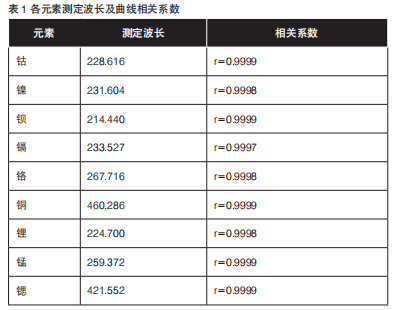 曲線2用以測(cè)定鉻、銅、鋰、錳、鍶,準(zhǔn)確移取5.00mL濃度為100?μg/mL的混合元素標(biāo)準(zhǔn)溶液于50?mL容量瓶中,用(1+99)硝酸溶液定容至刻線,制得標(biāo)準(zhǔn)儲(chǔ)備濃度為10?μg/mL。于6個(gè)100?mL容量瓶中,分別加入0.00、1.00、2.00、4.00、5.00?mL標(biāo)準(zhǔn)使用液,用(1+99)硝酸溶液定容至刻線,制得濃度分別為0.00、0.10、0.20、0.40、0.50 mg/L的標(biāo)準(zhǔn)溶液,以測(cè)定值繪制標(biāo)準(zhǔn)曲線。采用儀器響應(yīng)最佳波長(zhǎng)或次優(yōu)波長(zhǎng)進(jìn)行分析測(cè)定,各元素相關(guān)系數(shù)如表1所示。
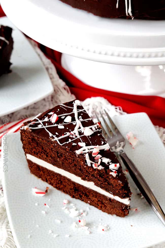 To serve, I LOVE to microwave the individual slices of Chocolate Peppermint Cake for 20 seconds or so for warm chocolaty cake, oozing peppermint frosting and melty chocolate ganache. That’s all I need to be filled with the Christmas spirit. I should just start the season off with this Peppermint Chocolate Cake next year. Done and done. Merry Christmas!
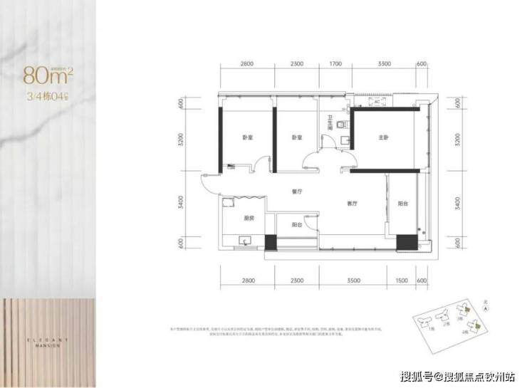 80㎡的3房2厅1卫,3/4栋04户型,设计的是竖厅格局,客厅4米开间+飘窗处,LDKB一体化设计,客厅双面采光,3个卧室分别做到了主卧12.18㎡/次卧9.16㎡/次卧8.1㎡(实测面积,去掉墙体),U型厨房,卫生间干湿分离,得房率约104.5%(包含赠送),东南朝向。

•••••

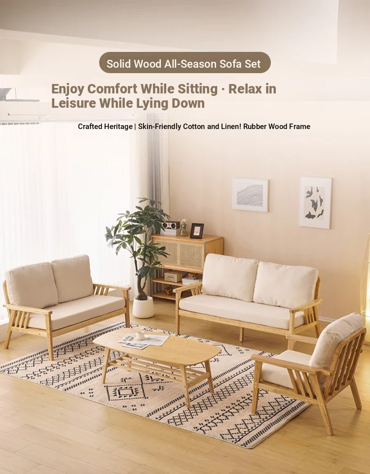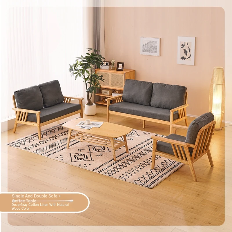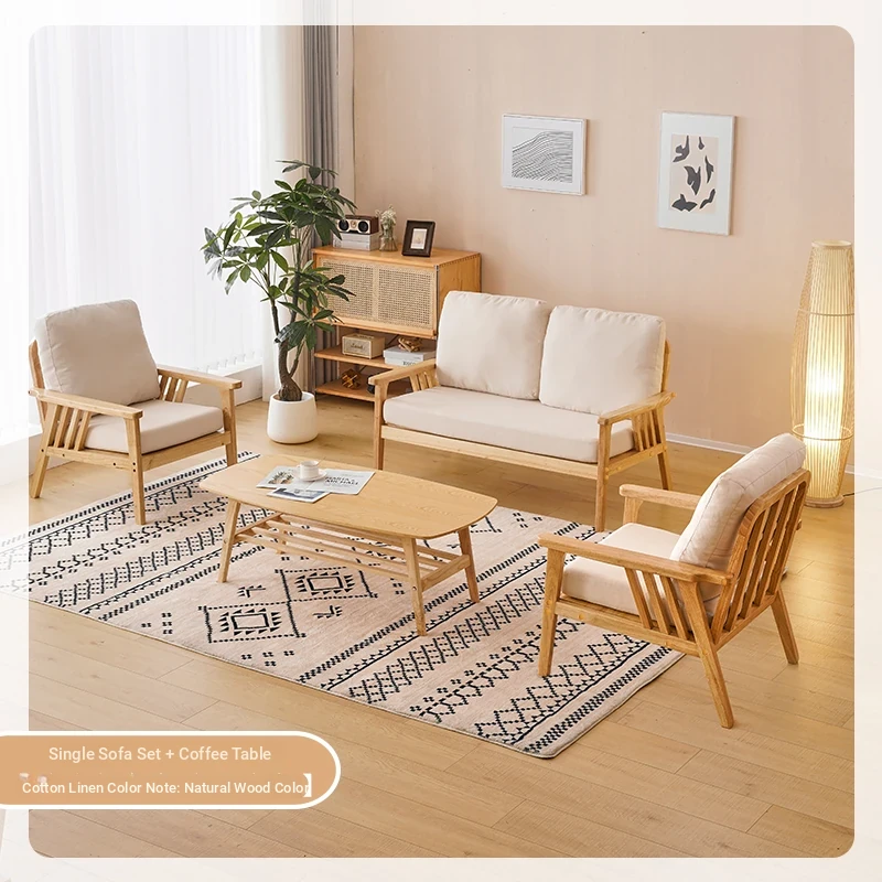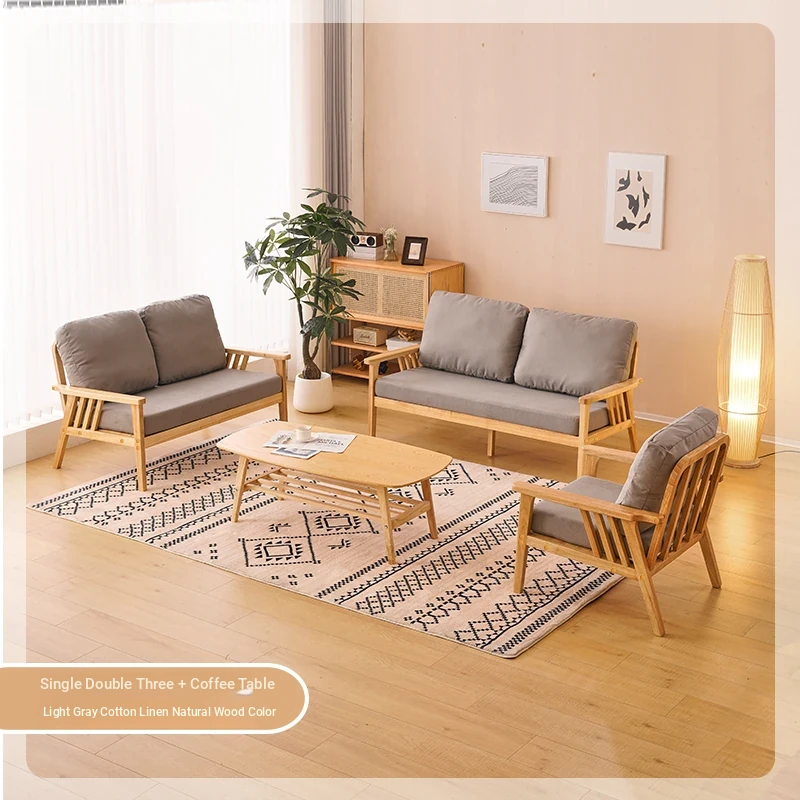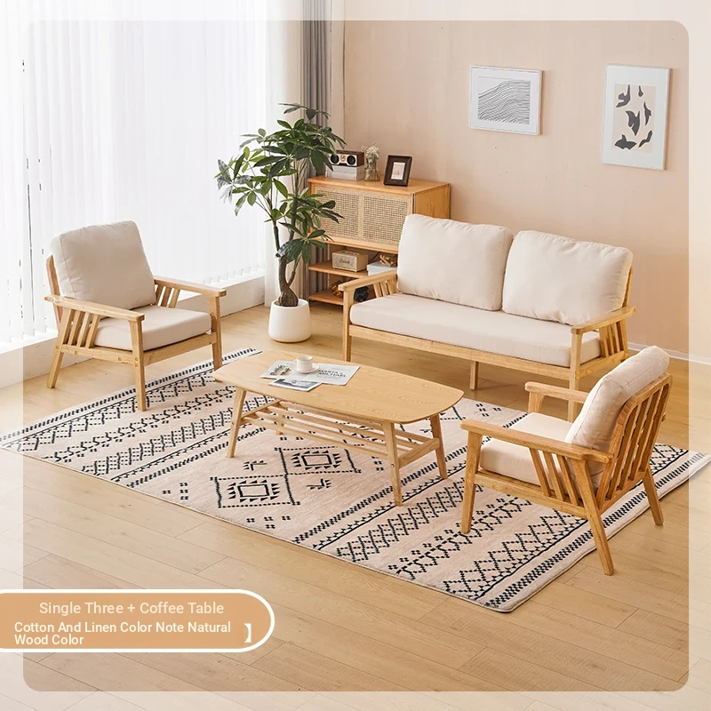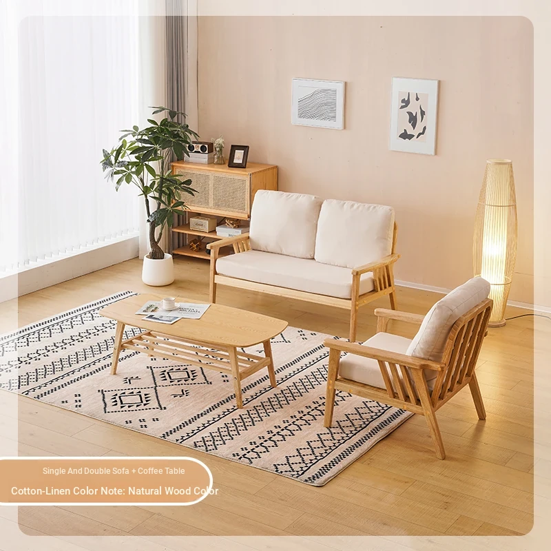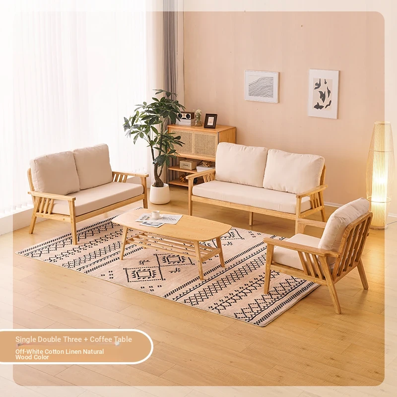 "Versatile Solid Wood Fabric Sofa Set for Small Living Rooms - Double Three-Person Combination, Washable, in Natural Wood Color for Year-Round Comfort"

•••••

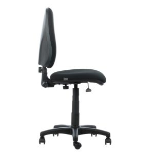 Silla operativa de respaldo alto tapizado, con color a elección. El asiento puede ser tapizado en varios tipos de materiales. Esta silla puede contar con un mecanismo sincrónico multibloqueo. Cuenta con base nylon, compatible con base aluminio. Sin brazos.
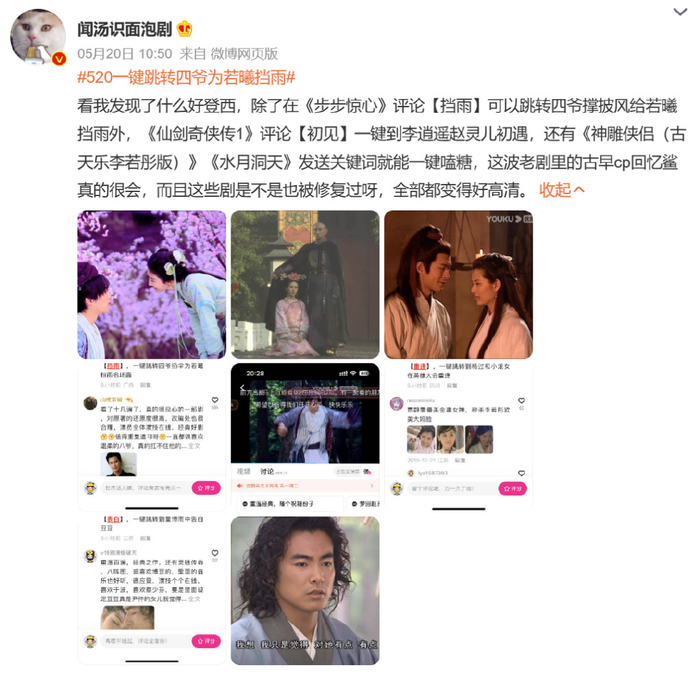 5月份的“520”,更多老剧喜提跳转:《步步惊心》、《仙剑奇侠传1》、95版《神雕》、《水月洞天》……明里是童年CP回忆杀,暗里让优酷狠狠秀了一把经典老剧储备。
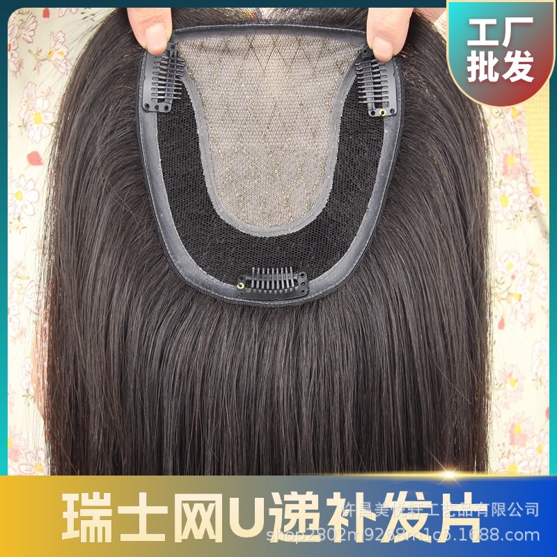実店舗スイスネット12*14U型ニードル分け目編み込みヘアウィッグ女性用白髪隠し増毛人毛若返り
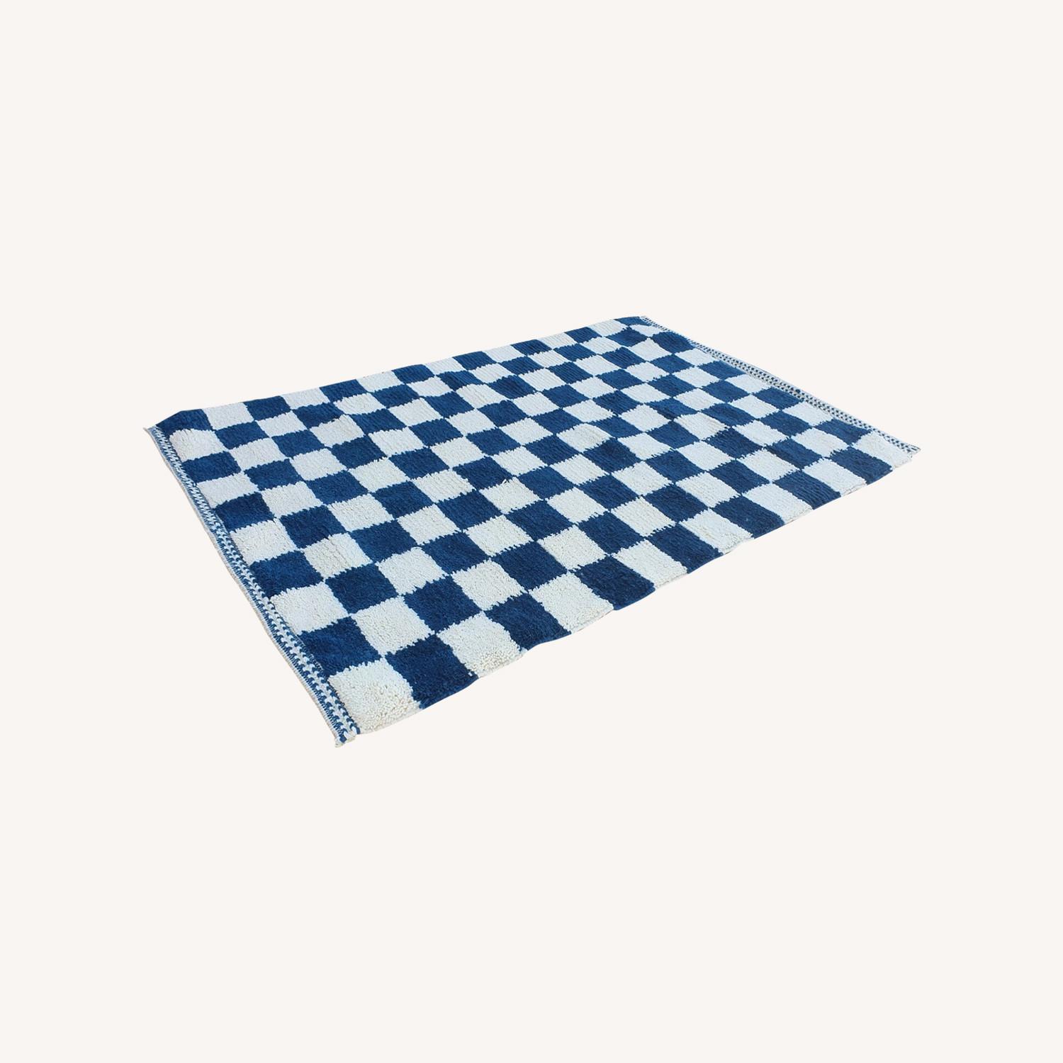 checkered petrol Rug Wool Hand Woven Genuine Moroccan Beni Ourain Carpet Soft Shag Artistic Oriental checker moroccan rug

•••••

TASK TO CARRY OUT: In the listing above, the required lines run from the line with "実店舗スイスネット12*14" through the line with "checkered petrol Rug". Output exactly those lines, omitting pictures.

EXPECTED ANSWER:
実店舗スイスネット12*14U型ニードル分け目編み込みヘアウィッグ女性用白髪隠し増毛人毛若返り
 checkered petrol Rug Wool Hand Woven Genuine Moroccan Beni Ourain Carpet Soft Shag Artistic Oriental checker moroccan rug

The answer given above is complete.